Detection of three adjacent SCCs in the upper aerodigestive tract is in accordance with the concept of field cancerisation. This concept was first described by Slaughter et al14 after discovering the presence of multiple independent tumours and an abnormal epithelium in the mucosa adjacent to primary oral SCCs. Field cancerisation has been explained by (1) single cancer cells or small clusters of cells that migrate through the submucosa to adjacent areas, (2) cells that are shed in the lumen of the specific organ which give the opportunity to regrow normal adjacent tissue and (3) the recent theory describing a large contiguous genetically altered field existing in the epithelium in which multiple clonally related neoplastic lesions may develop.15 These genetically altered mucosal fields have been described with diameters of >7 cm, which indicates that even the supraglottic carcinoma of the aryepiglottic fold could be related to the tongue cancers.16 The changes are thought to arise from exposure to carcinogens, in this case primarily tobacco, subsequently inducing dysplastic changes that predispose to the development of malignancy. Several genetic markers have been linked to HNSCC. More than 50% will have mutations in the p53 gene and chromosomal events, such as loss of heterozygosity (LOH), and microsatellite alterations are frequently observed causing genomic instability.17 Similar genetic changes have been identified in adjacent tissues to the primary tumours, providing a genetic explanation for the concept of field cancerisation.18 19
Our patient presented with tongue pain as the only symptom. The initial diagnostic CT and MRI scans were inconclusive due to artefacts from metallic dental fillings. This is a common problem,20 21 and our case highlights the risk of missing synchronous cancers when relying on these examinations alone for assessing secondary carcinomas or regional metastatic disease. However, a PET-CT scan easily revealed the three coinciding malignancies because of their increased metabolic activity. In the light of the high rate of synchronous cancers in the head and neck regions, a more liberal approach to examination using PET-CT may be relevant, at least in patients with obvious risk factors, primarily a long history of smoking and/or alcohol abuse.

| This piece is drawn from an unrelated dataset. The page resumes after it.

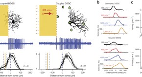 In this study, the authors show that velocity-dependent lag normalization in the retina is accomplished via a subset of adjacent directionally selective ganglion cells that are electrically coupled, allowing each activated cell to prime its neighbor.

A recent review found PET-CT to be useful in detection of HNSCC and possible metastases as well as SPCs, especially small tumours. Furthermore, PET-CT may contribute with valuable information when planning the treatment of HNSCCs.22
In patients with synchronous cancers, we recommend a thorough mapping of both the grade and stage of individual malignancies as this enables prioritisation of treatment. This often requires close cooperation between different specialties, which is one of the many benefits of the multidisciplinary cancer teams to which this patient was referred. In our case, treatment was focused on the SCCs as the grade 2 FL prompted no initial treatment.11
To the best of our knowledge, only a few cases with synchronous cancer of the head and neck regions and FL have been described in the literature.8–10 This is a rare combination and we did not find any specific relationship between these malignancies. There is no consensus regarding the pathogenesis of FL. A large number of potential risk factors have been suggested, often linked to immunodeficiency,23 but blood tests did not show any sign of immunodeficiency in our patient. However, of all non-Hodgkin's lymphomas, FL has shown the most consistent association with cigarette smoking,24 which was the case in our patient being a regular smoker.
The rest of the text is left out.